§ **PROBLEM DETAILS**
Repeat exactly the lines of the material below that run from the "A plant with a red bloom next to the trail" line to the "2.简历管理,轻松便捷,为您手中的简历匹配职位,简历变现不是问题" line, including both, and do not carry over any pictures.

§ **DATASET EXTRACT**
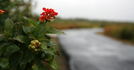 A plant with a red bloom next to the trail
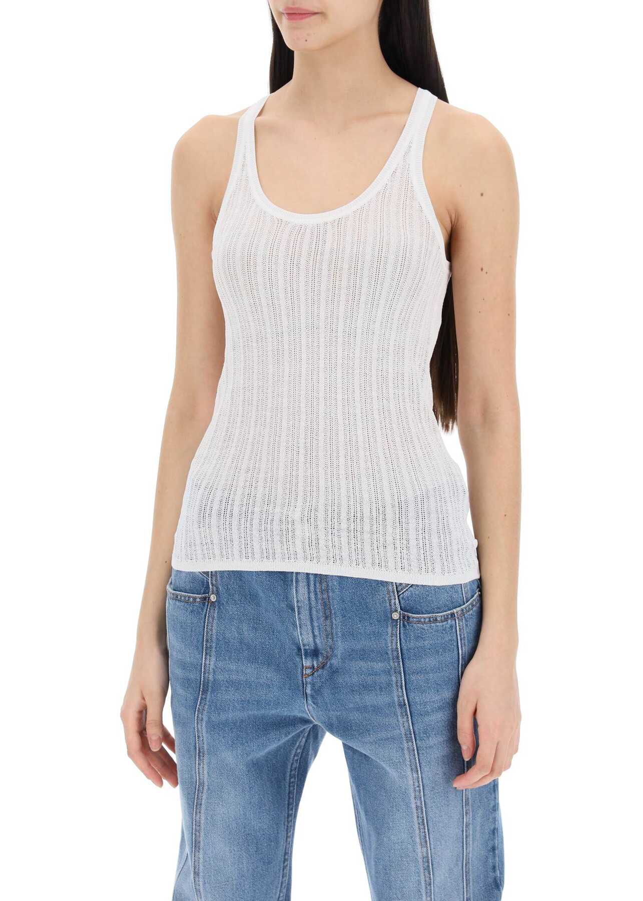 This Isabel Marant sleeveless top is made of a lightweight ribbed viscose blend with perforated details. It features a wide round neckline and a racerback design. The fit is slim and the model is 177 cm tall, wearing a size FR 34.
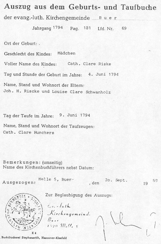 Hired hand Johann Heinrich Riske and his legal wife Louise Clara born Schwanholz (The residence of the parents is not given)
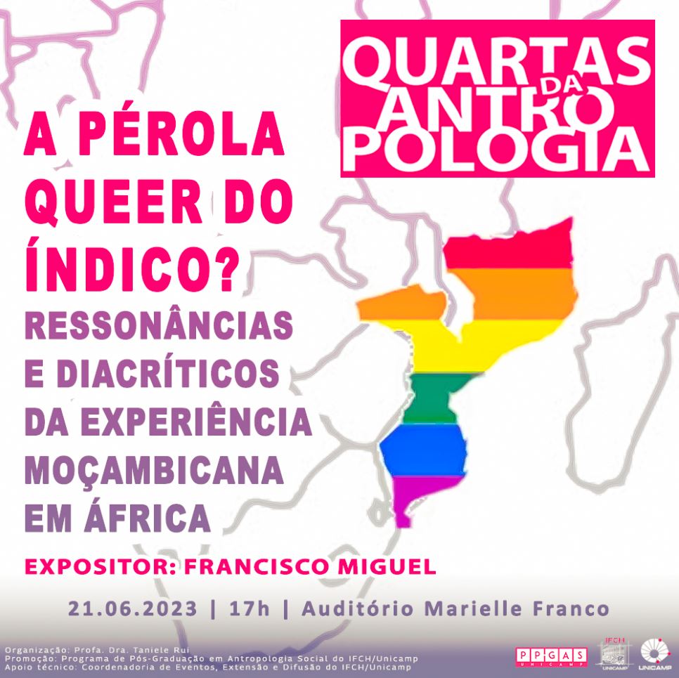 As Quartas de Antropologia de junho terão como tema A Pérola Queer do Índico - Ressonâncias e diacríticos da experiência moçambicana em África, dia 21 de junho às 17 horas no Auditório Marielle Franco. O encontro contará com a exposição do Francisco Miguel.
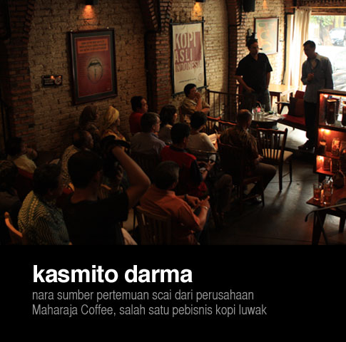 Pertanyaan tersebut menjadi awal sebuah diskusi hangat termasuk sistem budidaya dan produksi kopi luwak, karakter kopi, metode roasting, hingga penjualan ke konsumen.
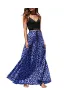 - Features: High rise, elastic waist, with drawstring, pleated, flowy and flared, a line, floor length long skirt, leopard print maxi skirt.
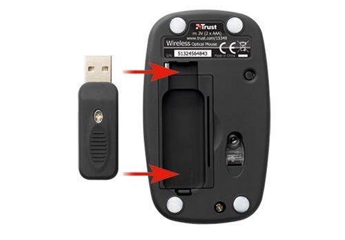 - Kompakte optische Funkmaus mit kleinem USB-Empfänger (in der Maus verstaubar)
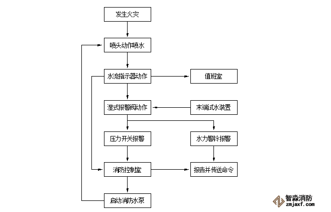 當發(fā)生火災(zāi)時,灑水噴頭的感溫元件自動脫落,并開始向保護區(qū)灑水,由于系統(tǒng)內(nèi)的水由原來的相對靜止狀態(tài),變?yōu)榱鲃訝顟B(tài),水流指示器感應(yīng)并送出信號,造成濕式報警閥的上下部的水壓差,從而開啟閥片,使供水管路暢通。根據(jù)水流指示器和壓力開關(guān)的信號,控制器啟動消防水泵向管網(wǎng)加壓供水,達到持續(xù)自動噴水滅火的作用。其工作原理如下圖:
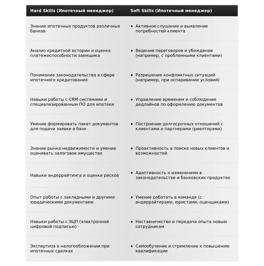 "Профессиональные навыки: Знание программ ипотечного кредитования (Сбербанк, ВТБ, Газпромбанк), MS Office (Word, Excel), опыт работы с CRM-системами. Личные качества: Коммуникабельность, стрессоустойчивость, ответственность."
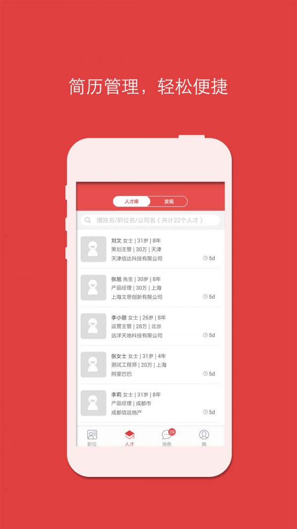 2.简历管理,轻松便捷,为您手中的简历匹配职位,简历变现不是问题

==

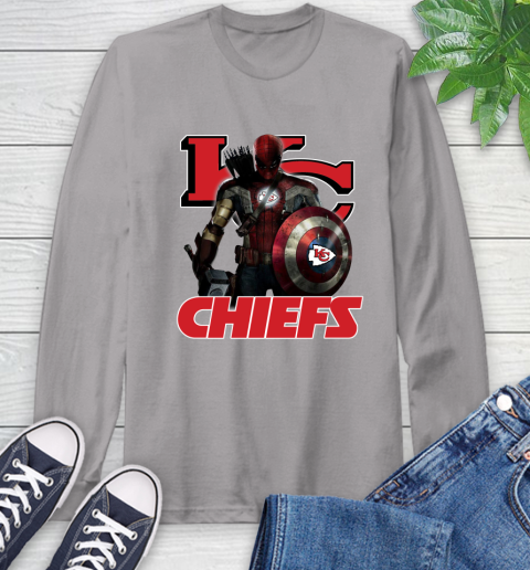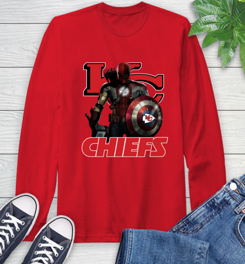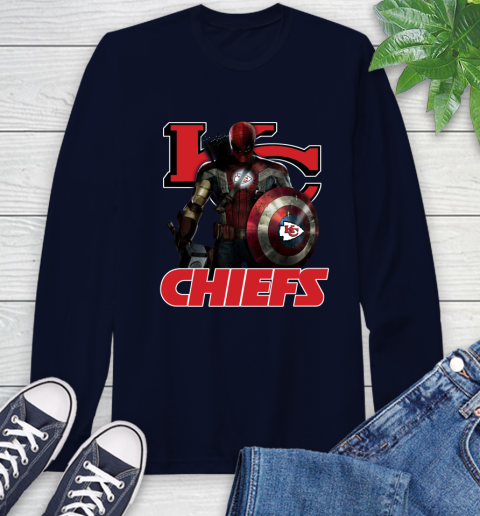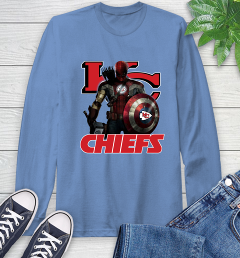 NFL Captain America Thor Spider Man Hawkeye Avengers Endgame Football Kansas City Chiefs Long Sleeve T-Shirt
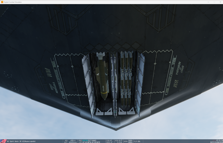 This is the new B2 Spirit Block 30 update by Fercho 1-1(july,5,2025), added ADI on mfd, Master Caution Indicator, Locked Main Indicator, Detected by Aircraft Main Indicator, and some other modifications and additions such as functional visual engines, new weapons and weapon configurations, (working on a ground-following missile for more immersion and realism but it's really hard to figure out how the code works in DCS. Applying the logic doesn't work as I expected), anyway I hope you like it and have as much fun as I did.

§ **WRITTEN ANSWER**
 A plant with a red bloom next to the trail
 This Isabel Marant sleeveless top is made of a lightweight ribbed viscose blend with perforated details. It features a wide round neckline and a racerback design. The fit is slim and the model is 177 cm tall, wearing a size FR 34.
 Hired hand Johann Heinrich Riske and his legal wife Louise Clara born Schwanholz (The residence of the parents is not given)
 As Quartas de Antropologia de junho terão como tema A Pérola Queer do Índico - Ressonâncias e diacríticos da experiência moçambicana em África, dia 21 de junho às 17 horas no Auditório Marielle Franco. O encontro contará com a exposição do Francisco Miguel.
 Pertanyaan tersebut menjadi awal sebuah diskusi hangat termasuk sistem budidaya dan produksi kopi luwak, karakter kopi, metode roasting, hingga penjualan ke konsumen.
 - Features: High rise, elastic waist, with drawstring, pleated, flowy and flared, a line, floor length long skirt, leopard print maxi skirt.
 - Kompakte optische Funkmaus mit kleinem USB-Empfänger (in der Maus verstaubar)
 當發(fā)生火災(zāi)時,灑水噴頭的感溫元件自動脫落,并開始向保護區(qū)灑水,由于系統(tǒng)內(nèi)的水由原來的相對靜止狀態(tài),變?yōu)榱鲃訝顟B(tài),水流指示器感應(yīng)并送出信號,造成濕式報警閥的上下部的水壓差,從而開啟閥片,使供水管路暢通。根據(jù)水流指示器和壓力開關(guān)的信號,控制器啟動消防水泵向管網(wǎng)加壓供水,達到持續(xù)自動噴水滅火的作用。其工作原理如下圖:
 "Профессиональные навыки: Знание программ ипотечного кредитования (Сбербанк, ВТБ, Газпромбанк), MS Office (Word, Excel), опыт работы с CRM-системами. Личные качества: Коммуникабельность, стрессоустойчивость, ответственность."
 2.简历管理,轻松便捷,为您手中的简历匹配职位,简历变现不是问题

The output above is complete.